Synthesis, Editing, and Rendering of Multiscale Textures

Han, Charles January 2011 (has links)
The study of textures---images with repeated visual content---has produced a number of useful tools and algorithms for analysis, synthesis, editing, rendering, and a variety of other applications. However, the recent rapid growth in data storage and computational abilities has expanded the notion of what constitutes a texture. Modern textures can often outstrip traditional assumptions on input size by several orders of magnitude. Additionally, these multiscale textures typically contain features at not just one scale but rather across a wide range of scales, further violating existing assumptions. In order to meaningfully capture the large-scale features present in multiscale textures, we introduce a new example-based input representation, the exemplar graph. This representation enables allows us to efficiently define textures spanning a large--or possibly infinite--range of visual scales. We develop a hierarchical, parallelizable algorithm for performing texture synthesis from an input exemplar graph. In addition to automated generation, an increasingly important application of texture synthesis is in interactive tools for guiding texture design. This modality is especially important for multiscale textures, as they offer special perceptual challenges to artists.

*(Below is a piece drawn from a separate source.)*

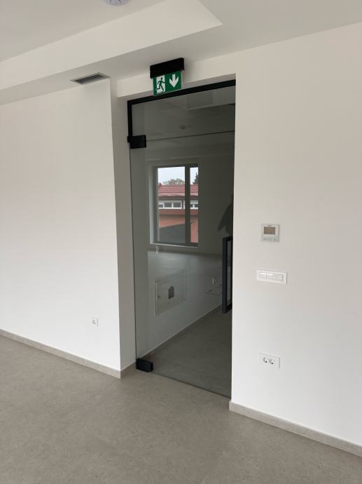 Uredski prostor od 50 m² smješten je u novoj poslovnoj zgradi u centru Osijeka, u četvrti Gornji grad. Zgrada je izgrađena 2025. godine i nosi energetski razred A+, a prostor se nalazi unutar zgrade s liftom. Unutarnje uređenje oslanja se na velike staklene stijene koje omogućuju svjetlost koji u tri prostorije, dok hodnik i otvorene površine ostaju vizualno povezani.

We examine algorithmic and engineering optimizations to enable real-time analysis and synthesis of multiscale textures, and explore potential implications for editing tools. Finally, we study the issue of display. To accurately view a large image at distance, some filtering operation must be performed. In many cases, such as traditional color images, the filtering operations are well-known. However, other texture representations, such as normal or displacement maps, present special difficulties for filtering. We treat the former case, presenting a principled analysis and algorithms for filtering and display of large normal maps.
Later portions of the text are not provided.